The expected result is an exact restatement of the data, free of pictures.

*THE DATA*
▬▬▬

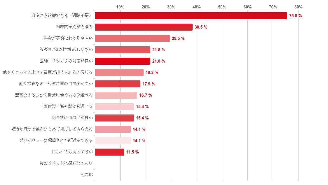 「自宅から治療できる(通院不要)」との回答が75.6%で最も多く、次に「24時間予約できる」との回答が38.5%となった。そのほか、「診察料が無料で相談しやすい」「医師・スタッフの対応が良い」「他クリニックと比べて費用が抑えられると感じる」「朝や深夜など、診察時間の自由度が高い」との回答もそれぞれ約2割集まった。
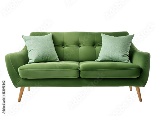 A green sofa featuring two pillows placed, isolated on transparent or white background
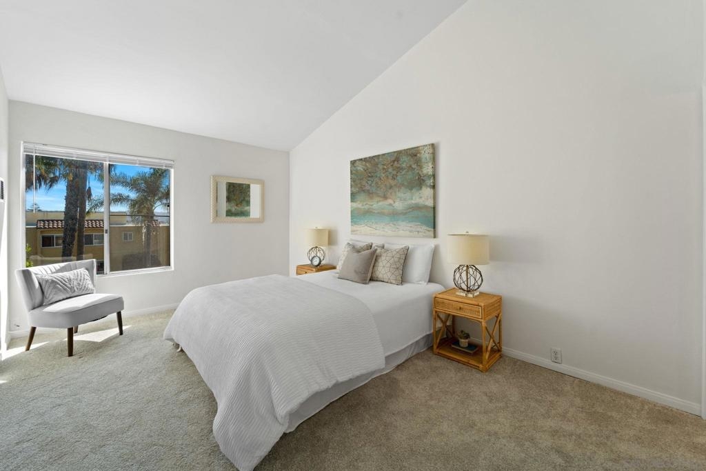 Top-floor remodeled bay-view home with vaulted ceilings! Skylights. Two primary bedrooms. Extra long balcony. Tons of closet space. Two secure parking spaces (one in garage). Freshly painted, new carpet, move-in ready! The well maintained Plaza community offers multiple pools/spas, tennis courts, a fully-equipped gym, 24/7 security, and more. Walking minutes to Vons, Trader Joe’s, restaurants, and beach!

▬▬▬

*REPLY TO THE TASK*
 「自宅から治療できる(通院不要)」との回答が75.6%で最も多く、次に「24時間予約できる」との回答が38.5%となった。そのほか、「診察料が無料で相談しやすい」「医師・スタッフの対応が良い」「他クリニックと比べて費用が抑えられると感じる」「朝や深夜など、診察時間の自由度が高い」との回答もそれぞれ約2割集まった。
 A green sofa featuring two pillows placed, isolated on transparent or white background
 Top-floor remodeled bay-view home with vaulted ceilings! Skylights. Two primary bedrooms. Extra long balcony. Tons of closet space. Two secure parking spaces (one in garage). Freshly painted, new carpet, move-in ready! The well maintained Plaza community offers multiple pools/spas, tennis courts, a fully-equipped gym, 24/7 security, and more. Walking minutes to Vons, Trader Joe’s, restaurants, and beach!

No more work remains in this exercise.